If $$$n \leq a.b$$$ then $$$x=a$$$ and $$$y=b$$$. Otherwise either $$$x$$$ or $$$y$$$ should be lower than $$$\sqrt{n}$$$, so we can bruteforce it by fixing either $$$x$$$ or $$$y$$$.

I guess this might be correct:

if(n<=a*b){

x=a;

y=b;

}

else{

if(a<b){

x=a;

y=ceil(n/a);

}

else{

x=ceil(n/b);

y=b;

}

}

Edit: This approach has been proved wrong through a counterexample.

If $$$ab \ge n$$$, we have $$$xy \ge ab \ge n$$$ anyway, so we can just choose $$$x = a$$$ and $$$y = b$$$ for the optimal answer. Now, assume that $$$ab \lt n$$$ and consider fixing $$$x$$$. Then, we have $$$y \ge \max(\lceil \frac{n}{x} \rceil, b)$$$, and it's clearly optimal to choose $$$y = \max(\lceil \frac{n}{x} \rceil, b)$$$, because $$$x$$$ is fixed, and we want to minimize $$$xy - n$$$. Now, if $$$\max(\lceil \frac{n}{x} \rceil, b) = b,$$$ this means we have $$$\lceil \frac{n}{x} \rceil \le b$$$. Also, $$$y = b$$$ is fixed (remember that we found the optimal $$$y$$$ to be $$$\max(\lceil \frac{n}{x} \rceil, b)$$$), so it suffices to minimize $$$x$$$, subject to the condition $$$\lceil \frac{n}{x} \rceil \le b$$$. You can do this with some math (or binary search, if you aren't in the mood for thinking).

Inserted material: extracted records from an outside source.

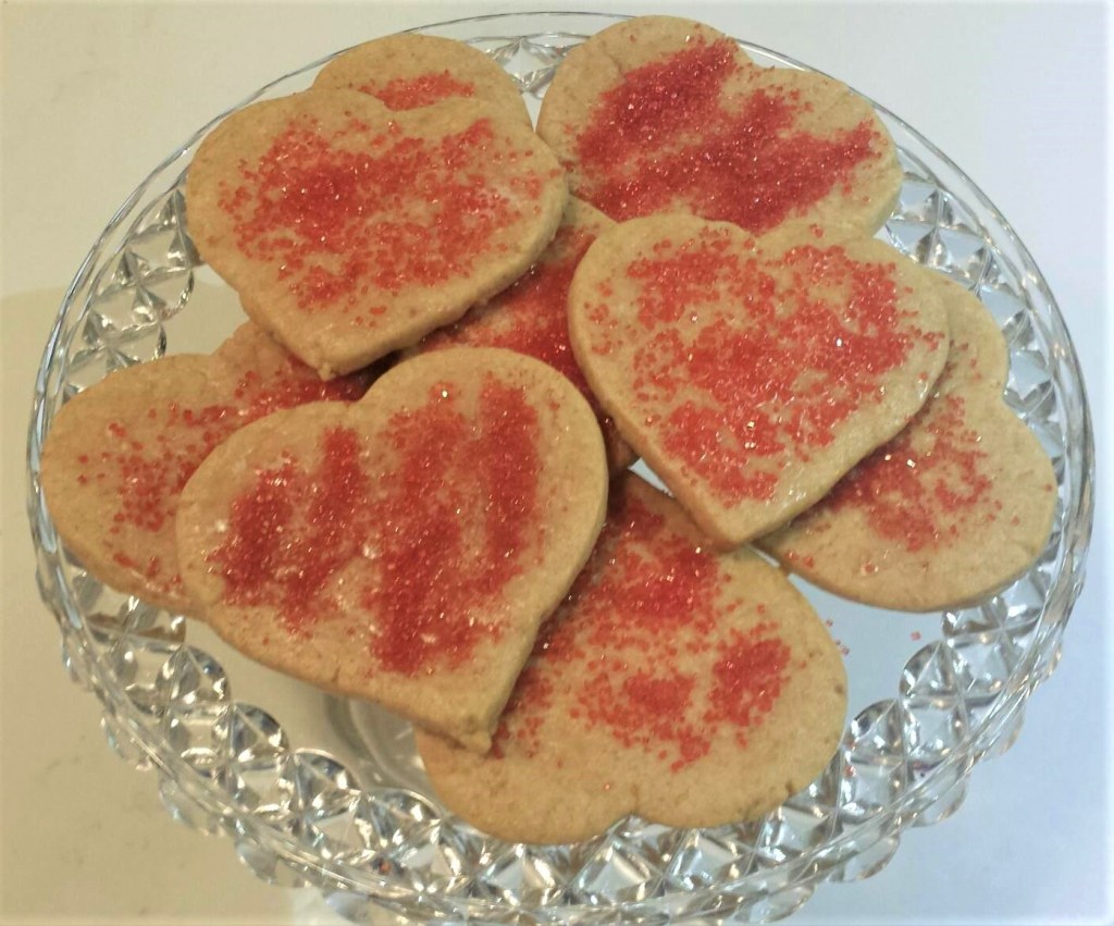 I am baking cookies to send to my University aged children. One is Vegan, one is seemingly vegetarian, and the other two are hungry omnivores. As I have red coloured sugar left over from my Christmas cookie project for decoration, I am just preparing a simple sugar cookie, cutting them in heart shapes, icing with an icing sugar wash, and sprinkling on red sugar. Easy peasy – sort of.
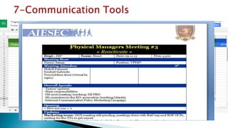 - Introductions were made to leaders from other AIESEC branches. Sessions covered AIESEC culture, the four circles theory, and skills of a leader.
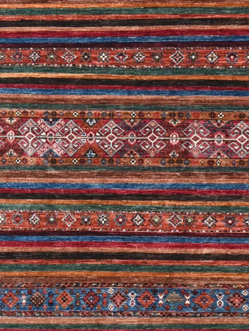 Schal sind farbenfrohe Orientteppiche mit Streifen in vielen verschiedenen Variationen. Einige Teppiche sind längs gestreift und andere quer. Vorbild für diese abwechslungsreichen Streifen ist das persischeMoharamati
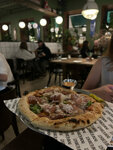 мы посетили пиццерию с друзьями, что было отличным решением, тк это место создано для комфортного времяпрепровождения с друзьями, здесь очень уютно и атмосферно, особенно когда зажигают свечки, так и хочется разговаривать здесь часами! мы взяли конечно же каждый по пицце, для меня как вегетарианца здесь был огромный выбор, аж несколько видов пицц, мне нравится в целом, что в их заведениях не забывают про нас и делают отдельные позиции🥹 выбор пал на bianca - три вида сыра и трюфельный мед, а у ребят pastrami & pickles - пастрами из говядины с пикулями и горчицей; невероятно вкусно, сочно и сытно, тесто, как я люблю пышное прям из печи, одна пица на одно человека взяли по пиву и классно отдохнули, разглядывали детали, в виде печи из мозаики и надписи при входе, разные детали в виде меню прикрепленного к стене и обсуждали совместные планы! хотим вернуться еще, но обратите внимая, что заведение открывается в 15:00 и можно забронировать столик заранее, а то можно простоять в очереди! +есть магазинчик с прикольной едой
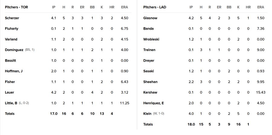 | 구분 | 다저스 | 토론토 |
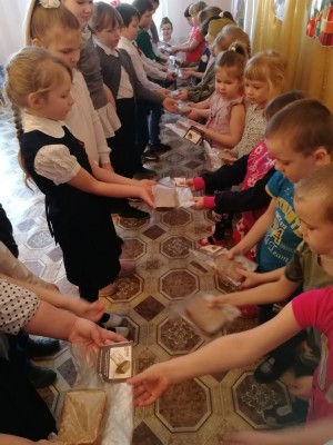 Обучающиеся 2-а класса рассказали о Всероссийской акции "Блокадный хлеб" ребятам из детского садика.
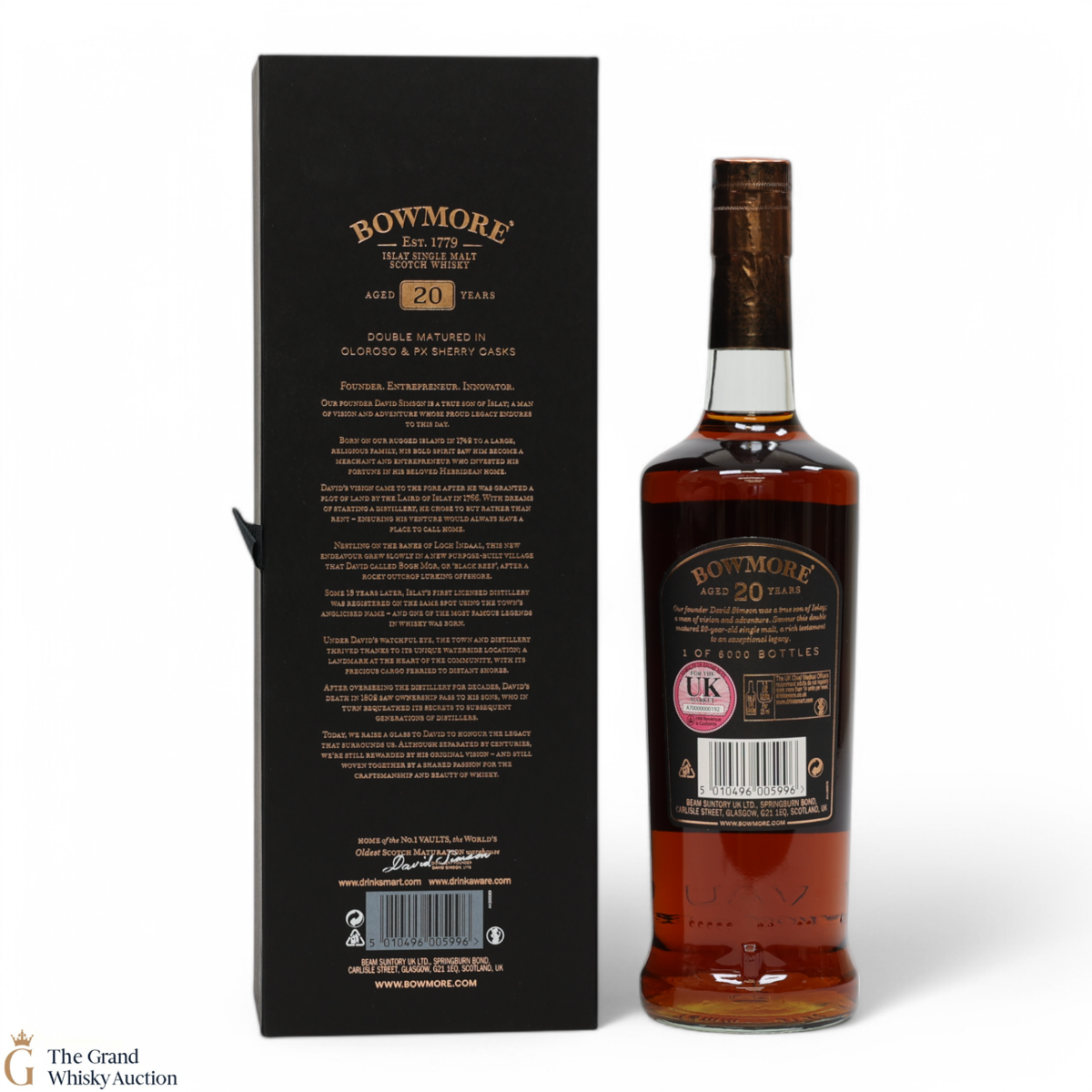 This 20-year-old celebrates and is a testament to the founder of Bowmore. This dram has gone through a double maturation period of 15 years in Oloroso Sherry Butts followed by 5 years in a first fill PX Butts. One of only 6000 bottles.
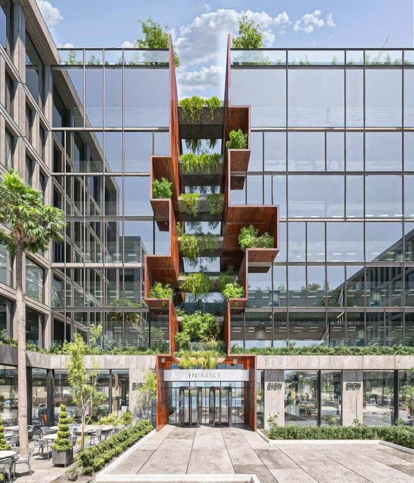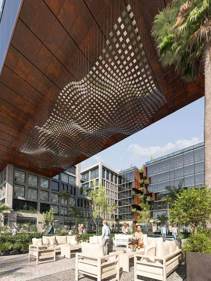 - كما تم تخصيص 60% من إجمالي المساحة للمساحات الخضراء واللاند سكيب، مما يمنح المول إطلالة مريحة للعين وبيئة عمل راقية.
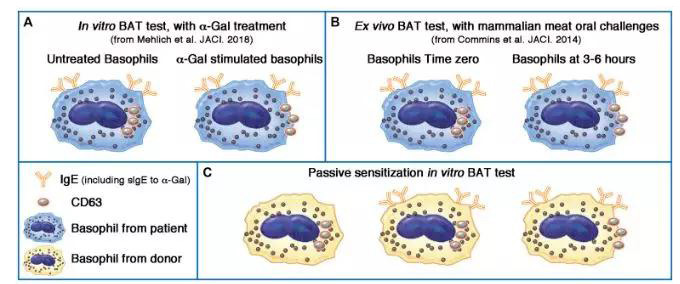 盡管嗜堿性細胞活化試驗有高AUC,不太可能有一個具有高靈敏度和高特異性的單一的臨界點來預測哪些對α-半乳糖敏感的受試者是臨床過敏的。例如,0.227 ng / mL的刺激濃度是豬腎BAT的最佳條件之一(AUC = 0.95), α-半乳糖綜合癥受試者的陽性率是57%,敏感組中的陽性率為0 (用15%嗜堿性細胞陽性作為臨界點)。相比之下,商業明膠制劑皮內皮膚試驗結果(4% Gelafundin [B. Braun; Melsungen AG, Melsungen, Germany]) :93%的α-Gal綜合癥受試者陽性,但在無癥狀的敏感者中只有13%的陽性率。因此,皮內皮膚試驗比BAT有更高的敏感性,但只是在特異性上略有損失。血清sIgE檢測與皮內檢測結果相似,通過計算α-半乳糖特異性IgE占總IgE的百分比,用3%α-半乳糖特異性IgE作為臨界值(90% vs 17%),盡管如此,Mehlich等人工作的一個真正的優點是在一個定義良好的患者群體中對不同的測試方式進行面對面的比較。需要進一步考慮的是,有關對α-半乳糖的IgE敏感性可能存在比速發型過敏反應還要嚴重的健康風險的可能性。這源自一個最近的報告,它證實了α-半乳糖特異性IgE與冠狀動脈疾病之間的相關性。盡管研究對象很少,目前也沒有機理研究來支持這一觀察結果,但這種聯系在生物學上是可信的。解釋兩者之間關聯性的工作模型顯示,慢性攝入那些敏感的α-半乳糖可能導致持久的冠狀動脈壁的慢性炎癥。雖然目前數據還不足以提出建議來改變臨床實踐,這項研究使我們在給α-半乳糖敏感患者飲食建議時引起注意,尤其是那些已經具有心臟病危險因素的患者。超出了BAT可能的臨床價值,或許當前報告與建議的最大貢獻是建議對α-半乳糖生物學的關注。以前,它提出了腸道微生物群,腸道屏障功能,或全身代謝的差異可以解釋為什么一些α-半乳糖敏感受試者對哺乳動物產品有臨床反應而另一些人不會。盡管目前的工作并不排除這些可能性,有趣的是,α-Gal綜合癥患者的類胰蛋白酶水平顯著升高,而嗜堿細胞活化程度處于基線。這表明反應者和耐受者之間的差異可能是由于過敏效應細胞(如肥大細胞和嗜堿性細胞)的固有活化程度的差異,這與最近卡特等的報告相一致。還有一點重要的是,不能低估特異性IgE滴度和親和性所起的作用??傊?,在本研究隊列中,α-半乳糖綜合癥患者血清檢測的滴度明顯升高。用被動致敏技術進行嗜堿性細胞活化試驗(BAT)可能是另一條途徑。需要再次提醒的是,體外嗜堿性細胞活化試驗(BAT)研究已經提供了重要的機理性證據,支持臨床觀察到的3-6小時的特征性延后反應。
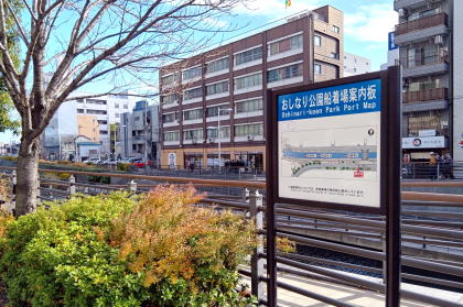 おしなり公園船着き場案内版 おしなり公園は、都心の喧騒から離れ、自然の美しさと静けさを 楽しめる場所です。公園内の船着き場では、遊覧船が停泊します。 ここからは、都心の高層ビル群を背景に、水上の風景を楽しむ ことができます。また、船着き場周辺にはベンチもあり、川風 を感じながらリラックスしたひとときを過ごせます。 住 所 / 東京都墨田区業平1-19付近 |
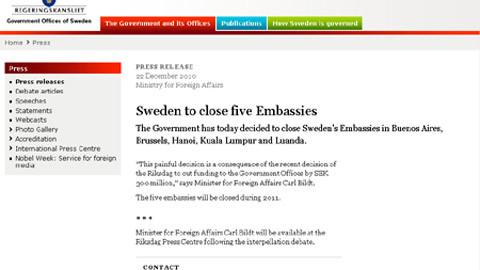 Ngày 22/12, Chính phủ Thụy Điển ra thông báo trong năm 2011 sẽ đóng cửa Đại sứ quán tại Buenos Aires (Argentina), Brussels (Bỉ), Hà Nội (Việt Nam), Kuala Lumpur (Malaysia) và Luanda (Angola).
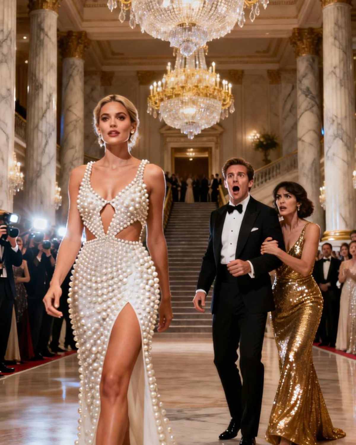 Dentro del Met, la gala estaba en pleno auge. El Gran Salón se había transformado en un templo del exceso. Orquídeas blancas caían en cascada desde los balcones; el champán corría desde fuentes de cristal. El aire olía a perfume caro y a ambición.
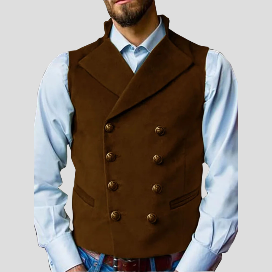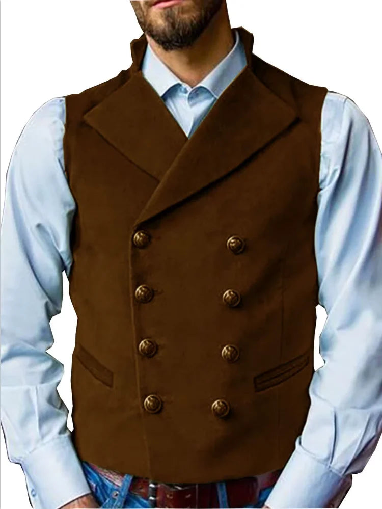 Gilet Steampunk Doppiopetto con Bottoni Marrone Classico
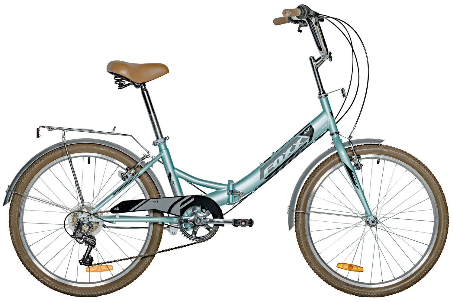 Велосипед FOXX 24" складной, SHIFT, зелёный, 6-скор, Shimano RS35/TY21, двойной обод, багажник
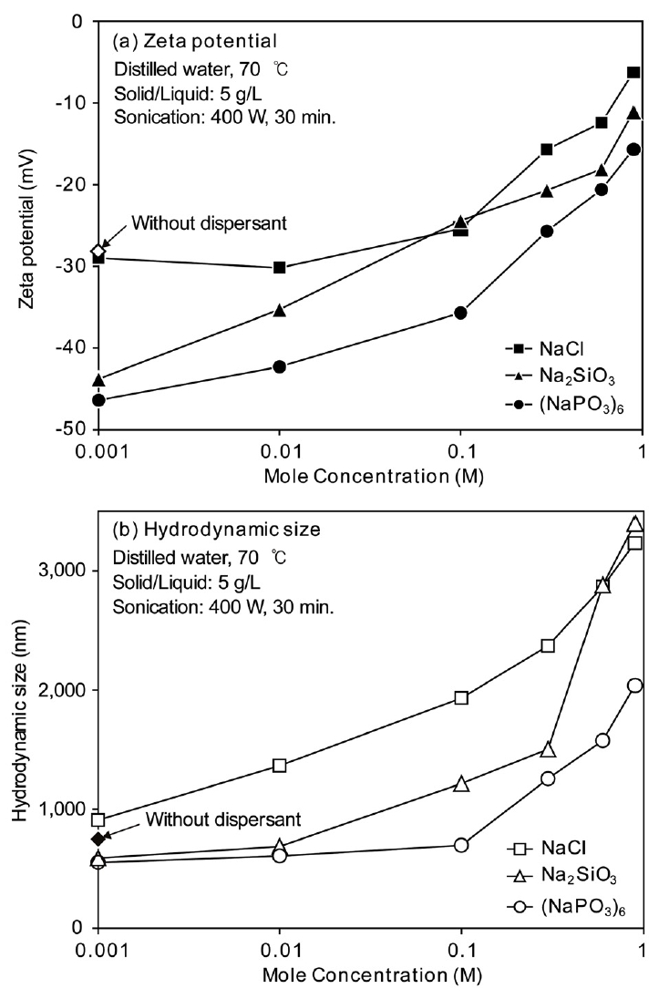 그림 10에는 분산제인 NaCl, Na2SiO3, (NaPO3)6의 첨가량에 따른 zeta potential(a)과 hydrodynamic size(b)의 변화를 비교하여 나타내었다. 전체적으로 zeta potential과

Now, the other case: if $$$\max(\lceil \frac{n}{x} \rceil, b) = \lceil \frac{n}{x} \rceil$$$, we have $$$b \le \lceil \frac{n}{x} \rceil$$$, which means $$$b - 1 \le \frac{n}{x}$$$, which means $$$a \le x \le \frac{n}{b - 1}$$$. In particular, we have only $$$\mathcal{O}(\sqrt n)$$$ values of $$$\lceil \frac{n}{x} \rceil$$$, and we can check them all in roughly $$$\mathcal{O}(1)$$$ time (it will be a little tedious with three or four conditions to check, but pretty doable), so we are done (also I just realized the first part was kinda unnecessary... oh well).

UPD: After seeing the first comment, I realized this entire thing was unnecessary... oh well.